Reputation: 471
I have a pdf file with tables in it and would like to read it as a dataframe using tabula. But only the first PDF page has column header. The headers of dataframes after page 1 becomes the first row on information. Is there any way that I can add the header from page 1 dataframe to the rest of the dataframes? Thanks in advance.

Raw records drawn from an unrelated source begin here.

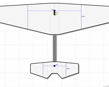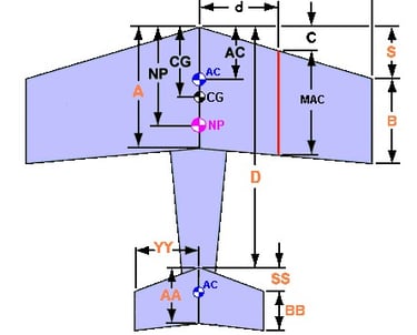 The cgCalc of eCalc.ch not only calculates and evaluates the center of gravity (CG), neutral point (NP) and mean aerodynamic chord (MAC) but also visualizes your design of conventional aircraft, flying wing, delta or canard. Approximate complex wing design with 5 trapezoidal wing panels. For further instructions see below..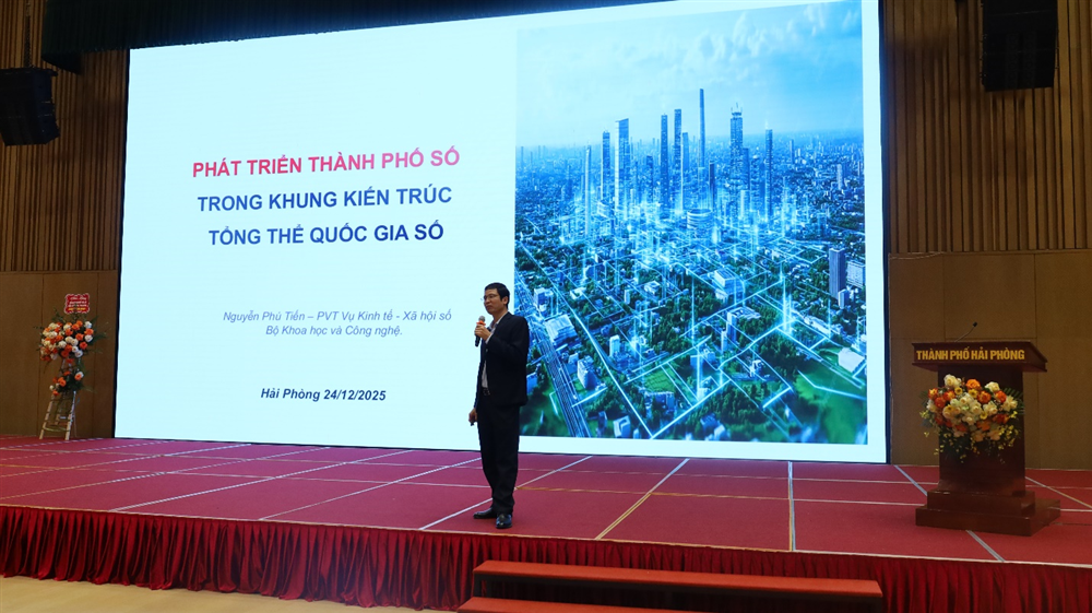 Sáng 24/12, Sở Khoa học và Công nghệ (KH&CN) thành phố Hải phòng tổ chức Diễn đàn Chuyển đổi số thành phố Hải Phòng năm 2025 với chủ đề “Kiến tạo thành phố số - Khát vọng kỷ nguyên mới” tại Trung tâm Hội Nghị - Biểu diễn thành phố Hải Phòng. Diễn đàn nhằm trao đổi, chia sẻ kinh nghiệm, mô hình và các giải pháp thực tiễn giữa cơ quan quản lý nhà nước, các chuyên gia, viện nghiên cứu, trường đại học và doanh nghiệp công nghệ trong quá trình triển khai xây dựng Thành phố số, đô thị thông minh.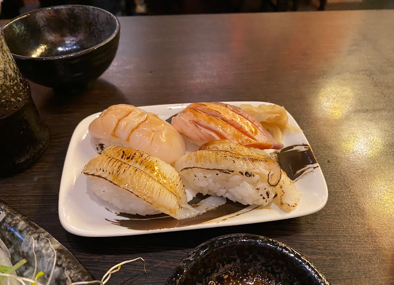 ?蔥花生鮪手卷,算是用餐完之後最推薦的一個品項,調味剛好,份量也剛剛好,鮪魚份量也有誠意~ ?生魚片握壽司系列,算是新鮮好吃,厚度及油脂的不錯,但是一貫的價錢$40up,就覺得…沒那麼特別了 ?松阪豬串燒,燒烤的程度剛剛好,酥脆的外皮,還有油脂的香氣,但串的肉質偏肥!咬下去之後的口感第二口開始會慢慢覺得油膩 ?起司豬肉,是培根豬肉串燒上面灑上起司粉,一樣是豬肉的部分咬下去裡面的肥肉偏多,完全影響了起司的味道,吃不出香氣反而會有點油膩… ?明太子白醬烏龍麵,烏龍麵的口感偏軟唷~味道吃起來就是直接聯想到白醬義大利麵的味道?沒有其他特別的感覺
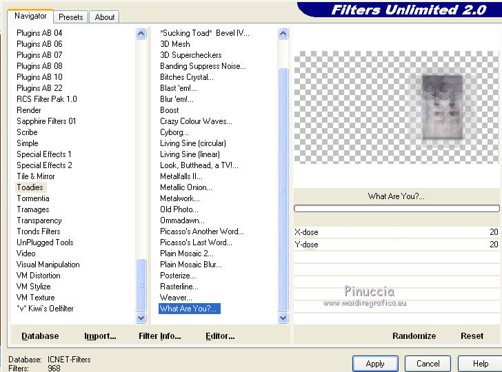 24. Effetti>Plugins>Filters Unlmited - Toadies - What are you - 1 sola volta, con i settaggi precedenti.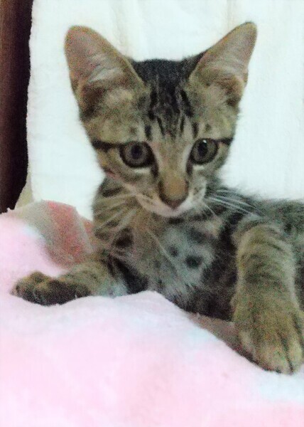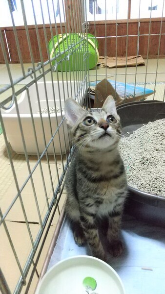 | 特徴(性格など) | 【柄】キジトラ、2か月の男の子です。 先だけがクルっとした可愛いシッポです 兄弟3匹の中で、何でも一番最初に出来るようにります。 とても好奇心が旺盛で賢い子です トイレは大丈夫。 健康で元気に走って食べて遊んでいます。 人間の習慣も見ており、 「もう寝る時間」「遊ぶ時間」ときちんと把握して動いています 本当に甘えっ子で人間が大好きです 表情もとても豊かで、よくしゃべりかけてきます。 キジちゃんとゆっくりと時間を過ごせる方が良いです。 くっついて見上げる顔が愛らしい子です。 |

Much appreciated!
Upvotes: 2
Views: 16171
Reputation: 196
One can solve this by following steps:
Read the PDF:
tables = tabula.read_pdf(filename, pages='all', pandas_options={'header': None})
This will create a list of dataframes, having pages as dataframe in the list.
pandas_options={'header': None} is used not to take first row as header in the dataframe.
So, the header of the first page will be first row of dataframe in tables list.
Saving header in a variable:
cols = tables[0].values.tolist()[0]
This will create a list named cols, having first row of first df in tables list which is our header.
Removing first row of first page:
tables[0] = tables[0].iloc[1:]
This line will remove first row of first df(page) in tables list, as we have already stored in a variable we do not need it anymore.
Giving header to all the pages:
for df in tables: df.columns = cols
This loop will iterate through every dfs(pages) and give them the header we stored in cols variable.
So the header from page 1 dataframe will be given to the rest of the dataframes(pages).
You can also concat it in one dataframe with
import pandas as pd
and:
df_Final = pd.concat(tables)
Hope this helps you, thanks for this oppurtunity.
Upvotes: 10